Nov-05-2019, 09:14 PM
Lists are mutable. So if you reassign one, it doesn't reassign the whole list, it doesn't make a copy of one. You just now have two names pointing to the same list. And if you make a list of lists (if you're not careful), you end up with a list of references to the same list.
So the first two lists you have, a1 and a2, and just a bunch of references to the same list that tt is pointing at. If you change any one of them, that changes the list they are all pointing at. Now you can look at any of them, and they are all pointing at the original list which you changed.
a3 is similar, in that it's one list. The multiplication just makes more references to that same list. It's a different list than tt, but a3 is still four things pointing to the same list.
b1 is different because each time through the loop in the list comprehension, the list is reevaluated. So it is four pointers to four different lists. They are still pointers, though. So if you assigned cc = b[0], and changed cc, b[0] would also reflect those changes.
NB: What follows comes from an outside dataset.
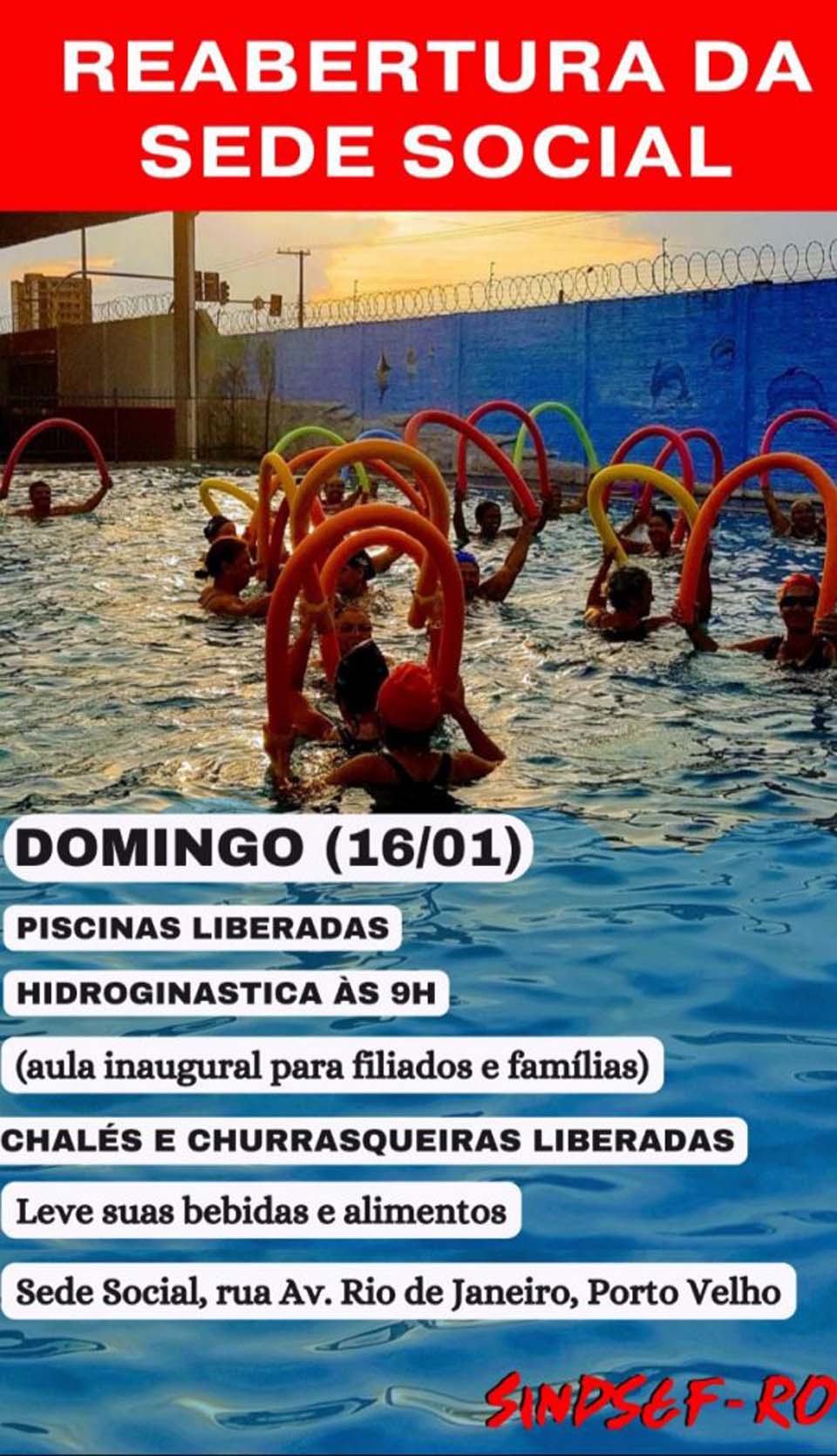 A reabertura da Sede Social terá inicio no domingo, com a realização de aula inaugural de hidroginástica, às 9 horas. No dia 21, será lançado o projeto ‘Sindsef Sextou’, com programação cultural e música ao vivo, a partir das 17 horas.

So the first two lists you have, a1 and a2, and just a bunch of references to the same list that tt is pointing at. If you change any one of them, that changes the list they are all pointing at. Now you can look at any of them, and they are all pointing at the original list which you changed.
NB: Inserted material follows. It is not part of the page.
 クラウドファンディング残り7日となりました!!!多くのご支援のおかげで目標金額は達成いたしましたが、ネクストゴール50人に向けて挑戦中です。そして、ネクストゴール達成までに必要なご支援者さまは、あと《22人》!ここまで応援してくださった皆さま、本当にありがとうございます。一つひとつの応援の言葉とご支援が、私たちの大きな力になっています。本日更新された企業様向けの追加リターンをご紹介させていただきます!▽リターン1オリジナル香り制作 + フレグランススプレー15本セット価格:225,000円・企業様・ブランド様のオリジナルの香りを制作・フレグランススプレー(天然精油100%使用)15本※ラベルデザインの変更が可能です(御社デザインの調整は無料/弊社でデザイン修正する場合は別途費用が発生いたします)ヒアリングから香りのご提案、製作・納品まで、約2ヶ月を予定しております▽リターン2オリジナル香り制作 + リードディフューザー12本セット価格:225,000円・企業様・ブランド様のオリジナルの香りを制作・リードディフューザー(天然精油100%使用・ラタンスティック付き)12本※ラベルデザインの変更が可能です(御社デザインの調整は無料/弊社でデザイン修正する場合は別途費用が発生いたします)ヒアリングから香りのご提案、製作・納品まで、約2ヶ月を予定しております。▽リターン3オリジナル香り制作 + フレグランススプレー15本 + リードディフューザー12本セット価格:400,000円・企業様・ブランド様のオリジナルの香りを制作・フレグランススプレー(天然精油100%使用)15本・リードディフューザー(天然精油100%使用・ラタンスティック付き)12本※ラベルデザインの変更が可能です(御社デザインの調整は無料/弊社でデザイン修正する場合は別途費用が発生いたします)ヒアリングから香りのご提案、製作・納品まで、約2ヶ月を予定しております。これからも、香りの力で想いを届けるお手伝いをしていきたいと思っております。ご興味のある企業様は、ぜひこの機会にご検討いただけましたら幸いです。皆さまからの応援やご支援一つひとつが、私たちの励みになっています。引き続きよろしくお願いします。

a3 is similar, in that it's one list. The multiplication just makes more references to that same list. It's a different list than tt, but a3 is still four things pointing to the same list.
b1 is different because each time through the loop in the list comprehension, the list is reevaluated. So it is four pointers to four different lists. They are still pointers, though. So if you assigned cc = b[0], and changed cc, b[0] would also reflect those changes.
Craig "Ichabod" O'Brien - xenomind.com
I wish you happiness.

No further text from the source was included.